**WHAT THE EXERCISE ASKS**.
Would you repeat word for word the lines of the listing that follows, from the one with "伝説のあだ名 | 『救世主となる錬金術士チュル』 |" up to and including the one with "商品相册:中华【开学必备】中华 101-3B 绘图铅笔学生铅笔美术素描3B铅笔12支/盒第", and leave out the images?

**LISTED RECORDS**.
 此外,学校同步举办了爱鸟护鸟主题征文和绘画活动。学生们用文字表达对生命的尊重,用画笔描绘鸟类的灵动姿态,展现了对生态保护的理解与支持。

* * *

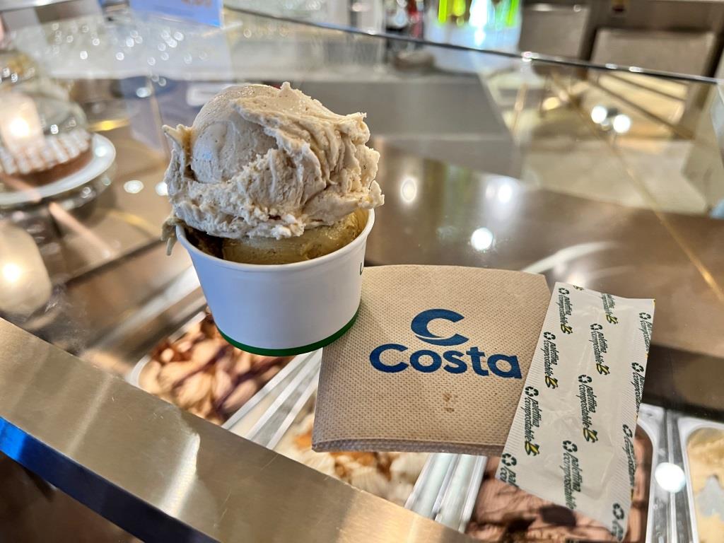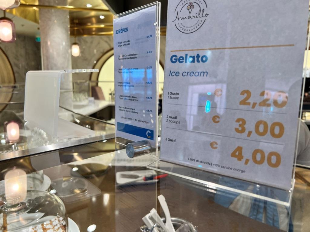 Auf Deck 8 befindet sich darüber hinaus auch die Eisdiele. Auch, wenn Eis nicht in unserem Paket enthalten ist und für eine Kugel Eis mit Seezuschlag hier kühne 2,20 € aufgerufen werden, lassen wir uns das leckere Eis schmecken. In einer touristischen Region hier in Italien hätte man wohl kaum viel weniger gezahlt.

==

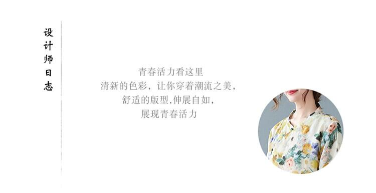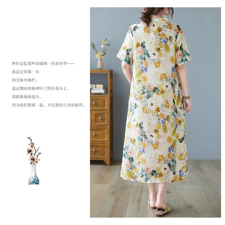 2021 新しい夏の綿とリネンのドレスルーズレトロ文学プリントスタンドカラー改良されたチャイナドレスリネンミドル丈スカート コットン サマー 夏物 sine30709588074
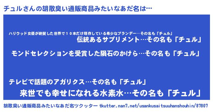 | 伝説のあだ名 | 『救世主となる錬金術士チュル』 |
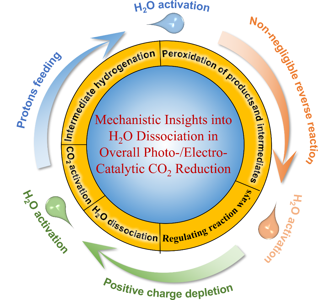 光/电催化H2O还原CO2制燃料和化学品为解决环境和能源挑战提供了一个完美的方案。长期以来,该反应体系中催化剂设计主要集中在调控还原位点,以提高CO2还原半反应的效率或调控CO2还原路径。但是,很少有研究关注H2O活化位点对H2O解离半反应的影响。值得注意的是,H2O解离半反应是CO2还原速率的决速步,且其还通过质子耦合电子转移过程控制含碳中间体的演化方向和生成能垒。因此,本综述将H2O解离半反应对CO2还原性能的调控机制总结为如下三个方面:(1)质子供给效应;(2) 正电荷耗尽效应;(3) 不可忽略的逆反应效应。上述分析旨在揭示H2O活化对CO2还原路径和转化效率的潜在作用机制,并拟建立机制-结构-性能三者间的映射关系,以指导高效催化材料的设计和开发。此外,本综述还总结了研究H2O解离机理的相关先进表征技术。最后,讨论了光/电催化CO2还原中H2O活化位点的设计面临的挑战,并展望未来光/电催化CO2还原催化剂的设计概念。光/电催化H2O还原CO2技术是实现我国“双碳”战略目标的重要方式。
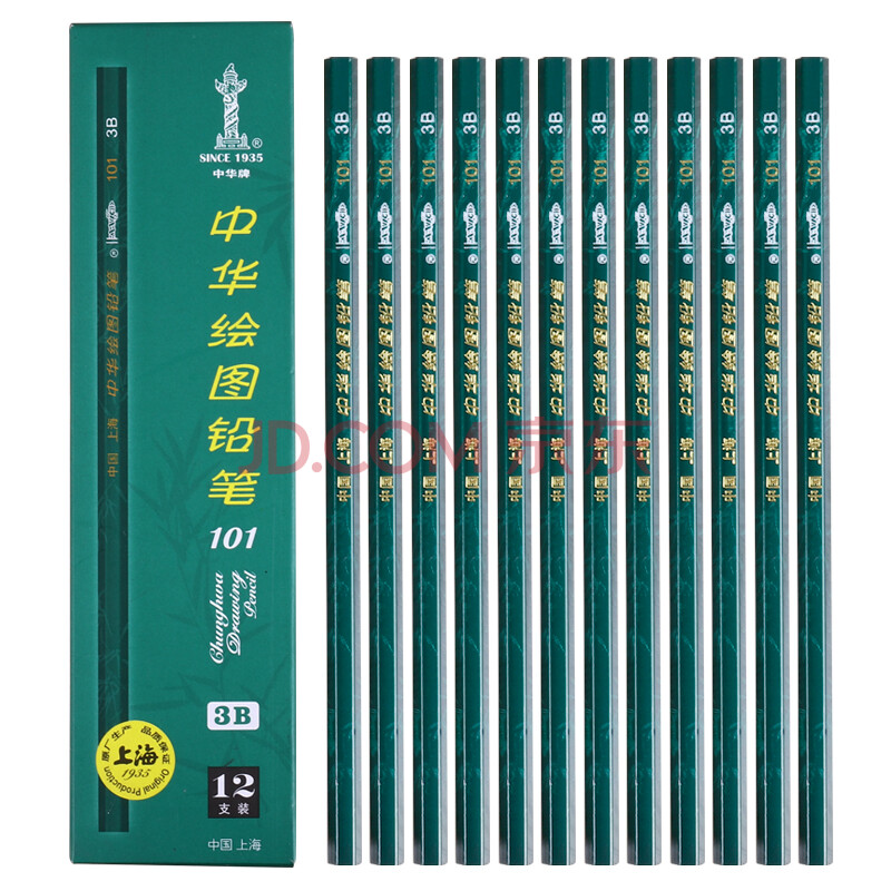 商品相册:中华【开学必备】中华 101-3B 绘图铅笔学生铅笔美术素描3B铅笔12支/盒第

**ANSWER SPACE**.
 | 伝説のあだ名 | 『救世主となる錬金術士チュル』 |
 光/电催化H2O还原CO2制燃料和化学品为解决环境和能源挑战提供了一个完美的方案。长期以来,该反应体系中催化剂设计主要集中在调控还原位点,以提高CO2还原半反应的效率或调控CO2还原路径。但是,很少有研究关注H2O活化位点对H2O解离半反应的影响。值得注意的是,H2O解离半反应是CO2还原速率的决速步,且其还通过质子耦合电子转移过程控制含碳中间体的演化方向和生成能垒。因此,本综述将H2O解离半反应对CO2还原性能的调控机制总结为如下三个方面:(1)质子供给效应;(2) 正电荷耗尽效应;(3) 不可忽略的逆反应效应。上述分析旨在揭示H2O活化对CO2还原路径和转化效率的潜在作用机制,并拟建立机制-结构-性能三者间的映射关系,以指导高效催化材料的设计和开发。此外,本综述还总结了研究H2O解离机理的相关先进表征技术。最后,讨论了光/电催化CO2还原中H2O活化位点的设计面临的挑战,并展望未来光/电催化CO2还原催化剂的设计概念。光/电催化H2O还原CO2技术是实现我国“双碳”战略目标的重要方式。
 商品相册:中华【开学必备】中华 101-3B 绘图铅笔学生铅笔美术素描3B铅笔12支/盒第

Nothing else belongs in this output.